[Records drawn from a dataset]
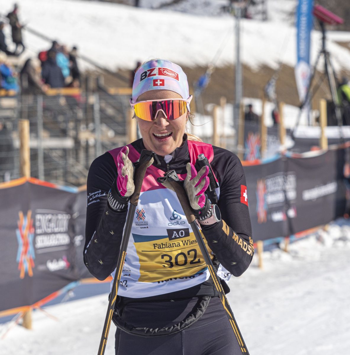 Viele Teilnehmerinnen und Teilnehmer verbringen einige Tage im Engadin, damit sie die gesamte Marathonstimmung aufsaugen können. Sie wurden mit dem Engadin Skimarathon-Virus infizieret und beschreiben das Rennen als Mythos. Für jemand, der das noch nie erlebt hat, ist die Stimmung nur schwer zu beschreiben. Von ehemaligen Teamkolleginnen und -kollegen weiss ich, dass der Nervositätspegel beim Engadin Skimarathon teilweise höher ist als bei Weltcuprennen. Grund dafür möge «Conquest of Paradise» sein, das altbekannte Lied ertönt jeweils kurz vor dem Startschuss. Wer den Engadin Skimarathon bereits gelaufen ist, der bekommt bei diesem Lied garantiert Gänsehaut. 14000 Langlaufbegeisterte machen sich bereit und richten ihren Fokus auf diesen einen Moment, in dem sich alles in Bewegung setzt. Der Fokus, die Ruhe und das kurz darauf eintreffende, hektische Chaos – Das ist der Engadiner. Stockbrüche, Stürze, Hungeräste, Krämpfe und dennoch empfindet der grosse Teil beim Zieleinlauf nur eines: Pure Glücksgefühle.
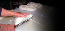 宇和海で漁れる新鮮な小魚を「うす」ですりつぶし、味を調え、 手づけ一本蒲鉾や、ちくわ、はらんぼ天ぷらなどに仕上げていきます。 朝漁れの新しい素材と、古くから受け継がれてきた伝統の調和が おいしい蒲鉾を作り上げていきます。
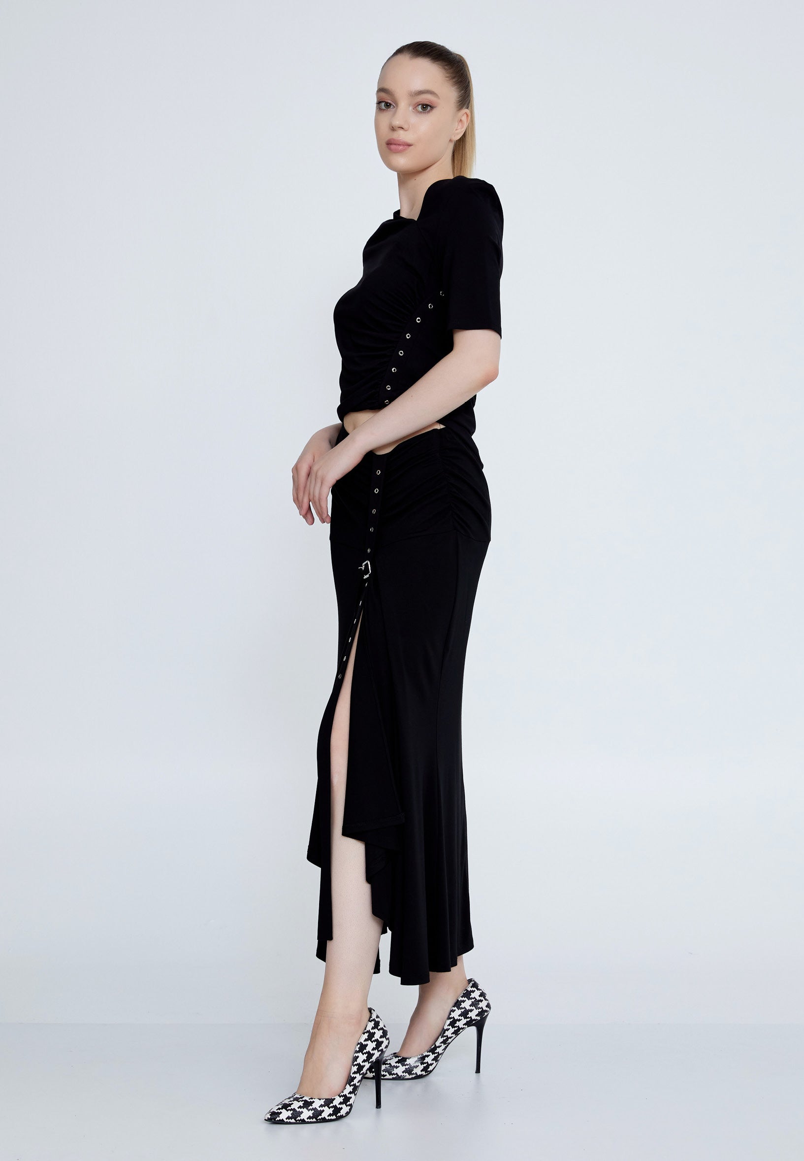 Midi Solid Color Regular Skirt ber24y3111 Features
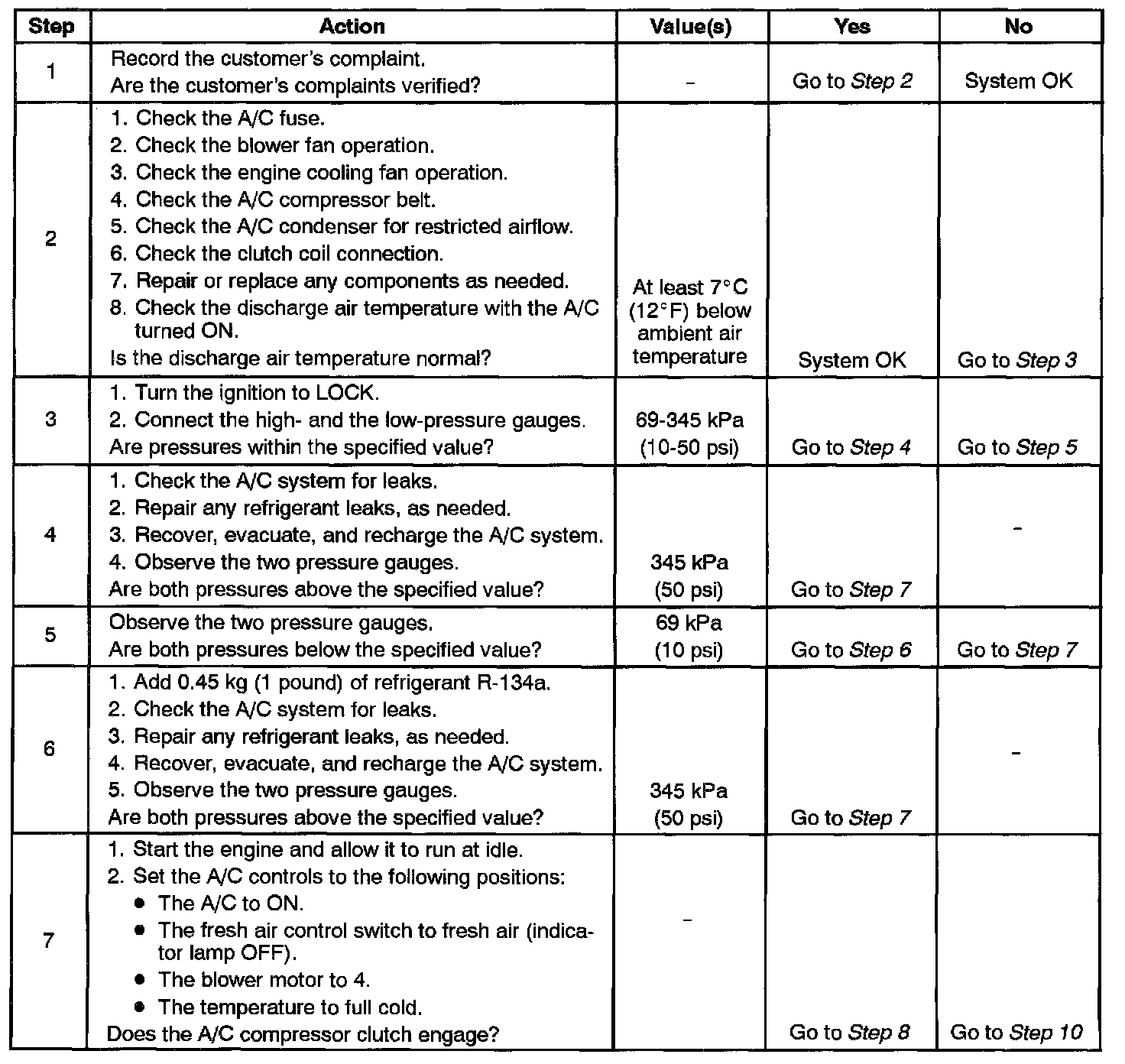IMPORTANT: Perform this test under garage conditions with the air temperature at 21 - 32 °C (70 - 90 °F), and no sun load. Follow this test carefully for accurate results.
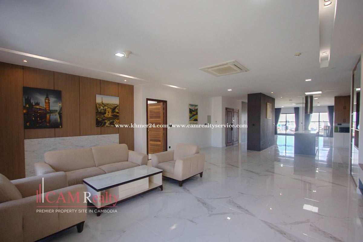 4 Bedrooms Penthouse For Rent In Touk Kork Rental price: 3500$/month (negotiable) Perperty Link: https://camrealtyservice.com/property/spacious-4-bedrooms-oebthouse-for-rent-in-toul-kork-n4412168/">https://camrealtyservice.com/property/spacious-4-bedrooms-oebthouse-for-rent-in-toul-kork-n4412168/ Video Link: https://youtu.be/pEswtt4Kl2o Fully furnished 4 bedrooms 4 bathrooms (1 bathtub) Living room Kitchen Size: 400 sqm Refrigerator Washing machine Swimming pool Fitness center Elevators Rent includes: 24/7 security Cleaning: 2 times/week Facilities usage Rent excludes: Electricity: 0.35$/kWh Water usage: 0.40$/m3 Car parking: 50$/month To check the availability of this or a similar property in Phnom Penh, please send us an email by filling out the contact form below or inbox us on Telegram, WhatsApp, Line, or WeChat to get in touch with our professional real estate agents. H/P: +855(0)99 556 694 (English)/ +855(0)11 26 88 99 (日本語) WhatsApp: https://wa.me/message/DUNLIJSD2XQJO1 Telegram: https://t.me/apartmentagent E-mail: inf*@camrealtyservice.comClick To Sent Email Website: https://camrealtyservice.com/
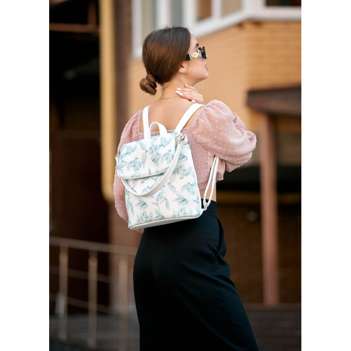 Женский рюкзак-сумка Sambag Loft белый с принтом "Palm"
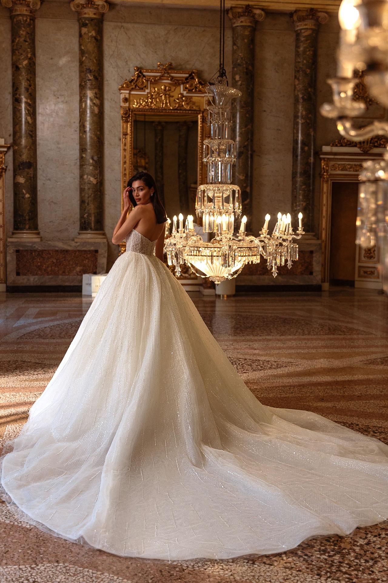 The Lumina wedding dress by Demetrios is like a fairytale princess meets elegant glamour.
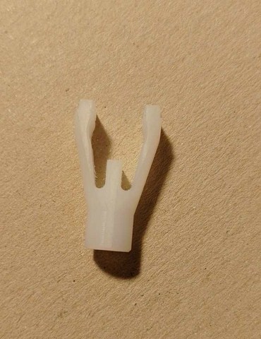 Finalmente disponibile la nuova forcella di tenuta della canna per tutti i bracci Thorens TP 14, BTD 12S, TP 25 e per tutti quei bracci che hanno un diametro della canna di 9.90 mm. Questa forcella è realizzata in delrin fresato dal pieno, solo in questo modo si ha una forcella totalmente elastica e duratura nel tempo. A differenza della produzione con stampanti 3D dove la plastica risulta non elastica e quindi tende a spaccarsi. La forcella si fissa al corpo in alluminio ( non fornito ) a pressione. il diametro del cilindro in alluminio dove si fissa la forcella è di 5.00 mm . Prodotto da Audiosilente
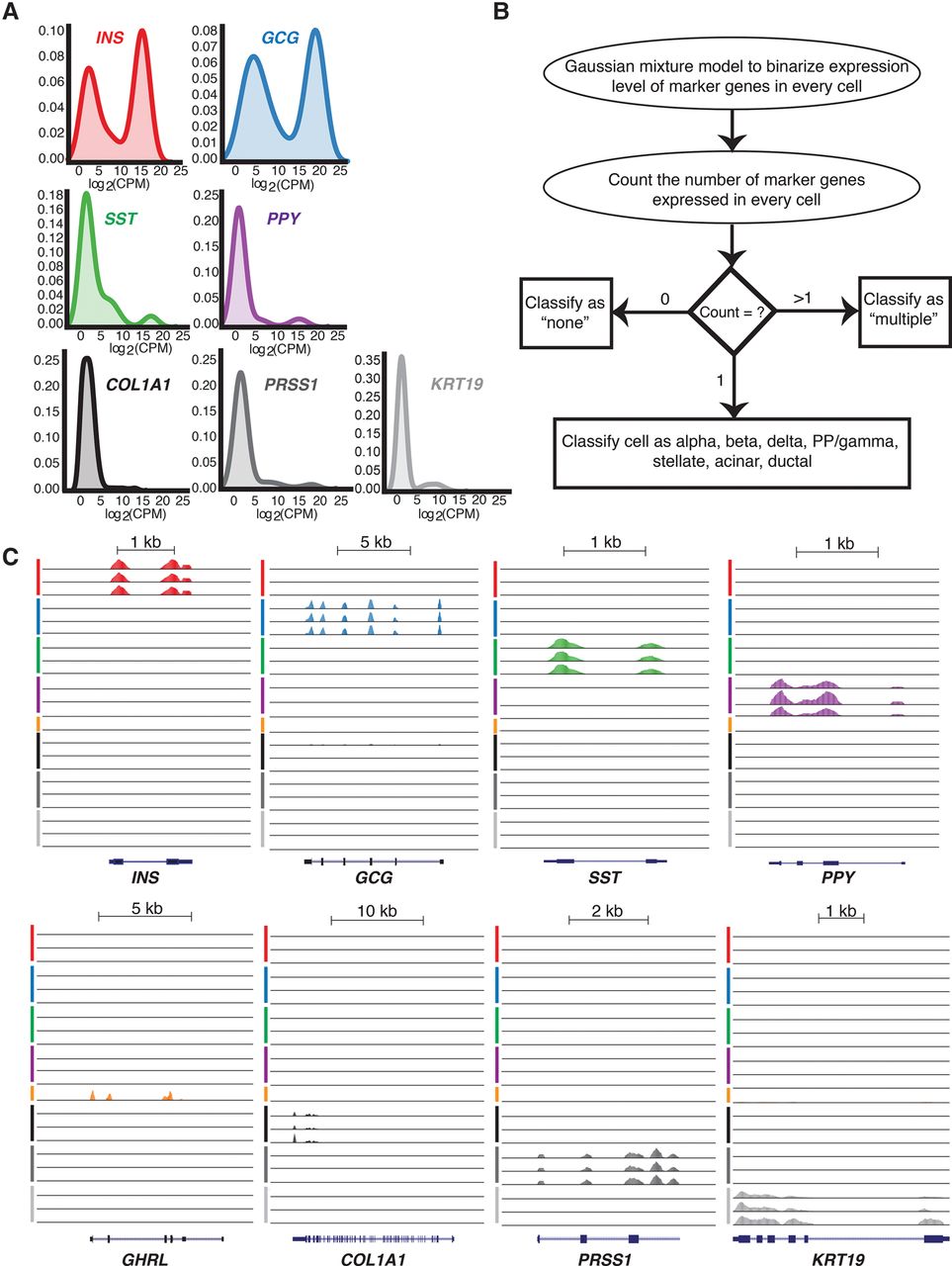 Cell-type classification based on marker gene expression. (A) Density plots demonstrating endocrine and exocrine marker gene expression across all single cells. (B) Schematic of the Gaussian mixture model method applied to assign cell-type identity based on marker gene expression. (C) UCSC Genome Browser views of representative single-cell expression profiles of INS, GCG, SST, PPY, and GHRL genes encoding beta, alpha, delta, PP/gamma, and epsilon cell hormones of the endocrine pancreas, respectively, and marker genes for stellate (COL1A1), acinar (PRSS1), and ductal (KRT19) cells of the exocrine pancreas. Line colors indicate putative beta (red), alpha (blue), delta (green), PP/gamma (purple), epsilon (orange), stellate (black), acinar (dark gray), and ductal cells (light gray). (PP) pancreatic polypeptide; (CPM) counts per million.
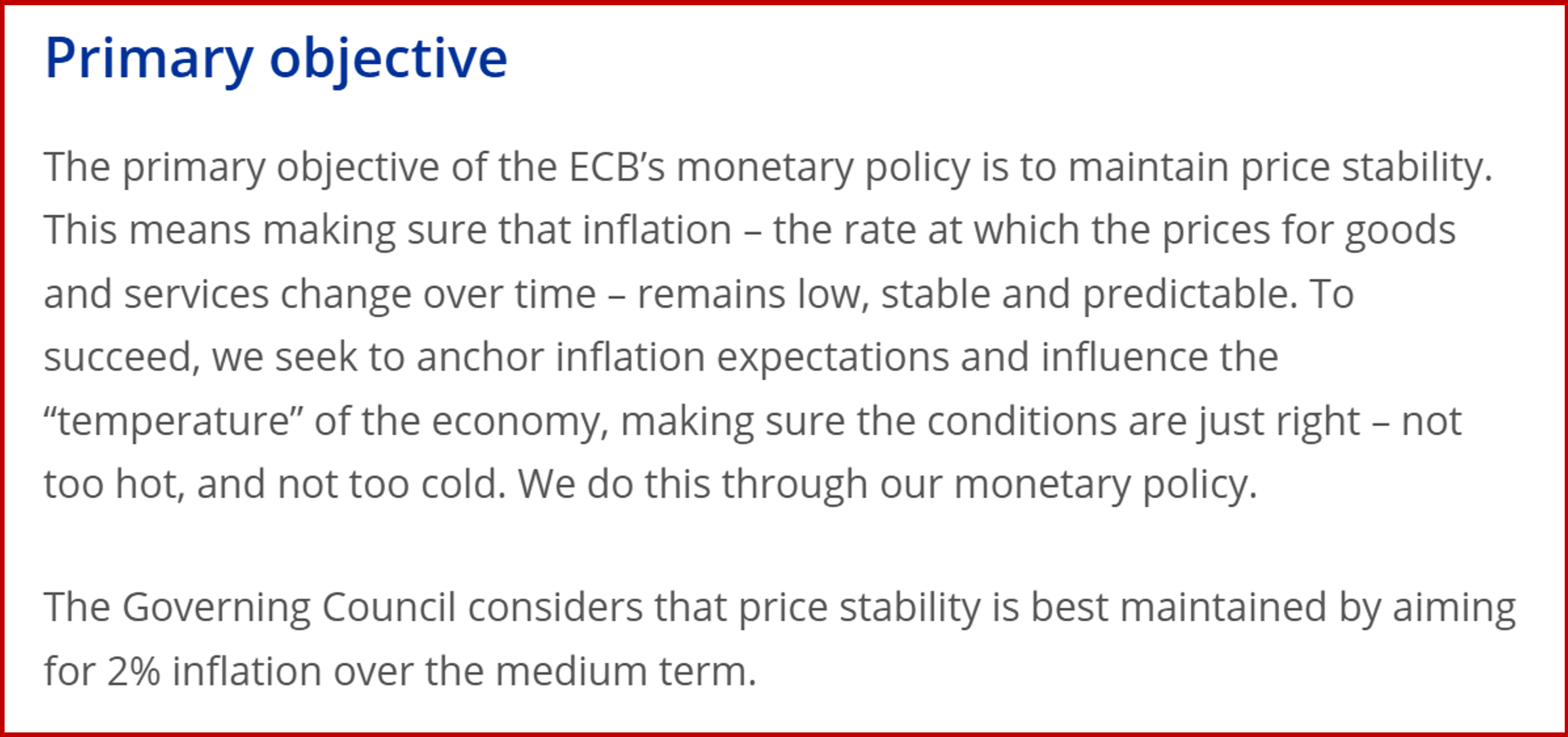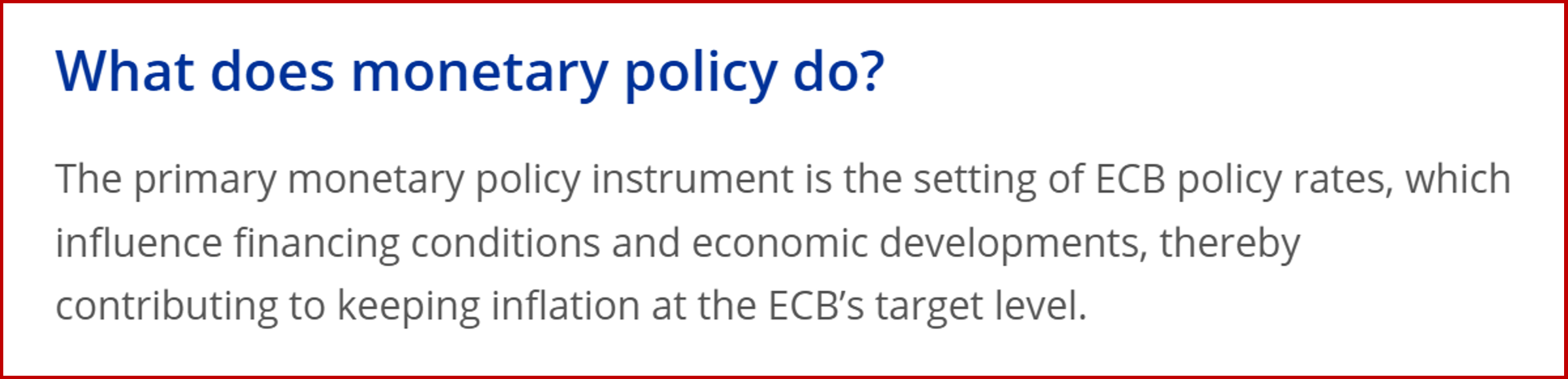 Målet för Christine Lagarde är alltså “stabila priser” i EMU-länderna, vilket ECB tolkar som att KPI ska stiga med cirka 2 procent per år. Men vad innebär egentligen penningpolitik? Så här beskriver ECB det:
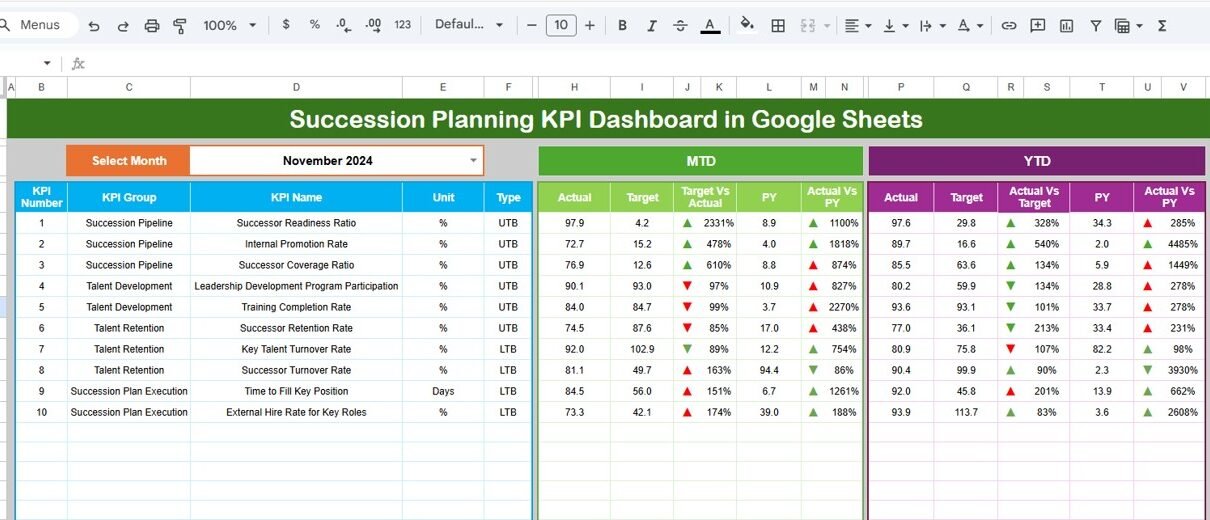 This ready-to-use dashboard helps organizations track all critical succession planning KPIs in one place. It converts raw HR data into clear insights using MTD, YTD, targets, previous-year comparisons, and trend analysis. Moreover, because it is built in Google Sheets, it is easy to use, flexible, and accessible from anywhere.
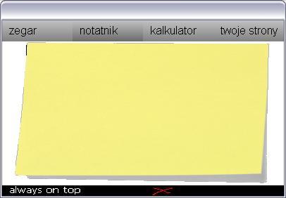 TheMarcQ Opublikowano 24 Sierpnia 2010 Udostępnij Opublikowano 24 Sierpnia 2010 Tytuł: organizer(wersja rozwojowa) Gatunek: program Opis: organizer zawiera : stoper zegar datę timer notatnik kalkulator auto otwieranie stron www opcje "always on top" jest to wersja 1.0 w 2 planuję: 1. mini chat 2. poprawienie wyglądu 3. dodanie paru opcji do kalkulatora 4.poprawienie notatnika, który ma na razie wiele wad 5. dodanie opcji programu(np. rozmiaru okna, które podzespoły mają być włączone, a które nie) Download: https://gmclan.org/up6357_4_organizer.html Rozmiar pliku: 1.58MB Autorzy: Programowanie: JA Grafika: ja+windows Muzyka: game maker Screeny: https://gmclan.org/up6357_5_52de26c8ae.html https://gmclan.org/up6357_5_bez_tytu_u2.html Odnośnik do komentarza Udostępnij na innych stronach Więcej opcji udostępniania...
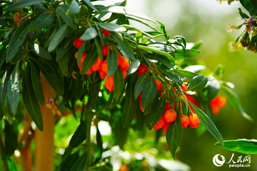 枸杞采摘園內(nèi)掛在枝頭的枸杞。人民網(wǎng) 周航攝
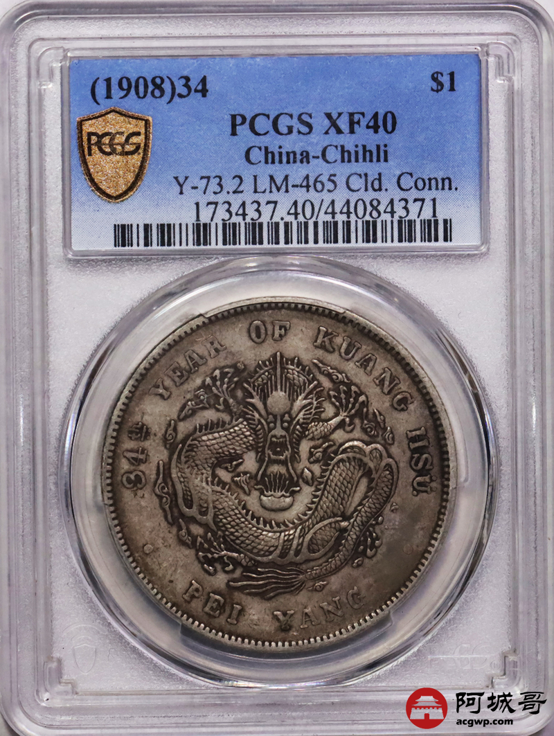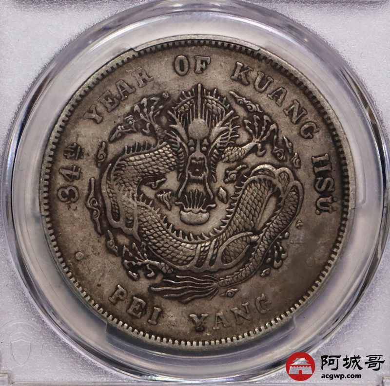 Lot:17 原味老包浆 北洋34七钱二分 短尾龙 PCGS XF40

§ EXERCISE: Give back exactly the lines above from the one with "Midi Solid Color" through the one with "IMPORTANT: Perform this", both included. Pictures don't belong in the copy.

§ YOUR SOLUTION:
 Midi Solid Color Regular Skirt ber24y3111 Features
IMPORTANT: Perform this test under garage conditions with the air temperature at 21 - 32 °C (70 - 90 °F), and no sun load. Follow this test carefully for accurate results.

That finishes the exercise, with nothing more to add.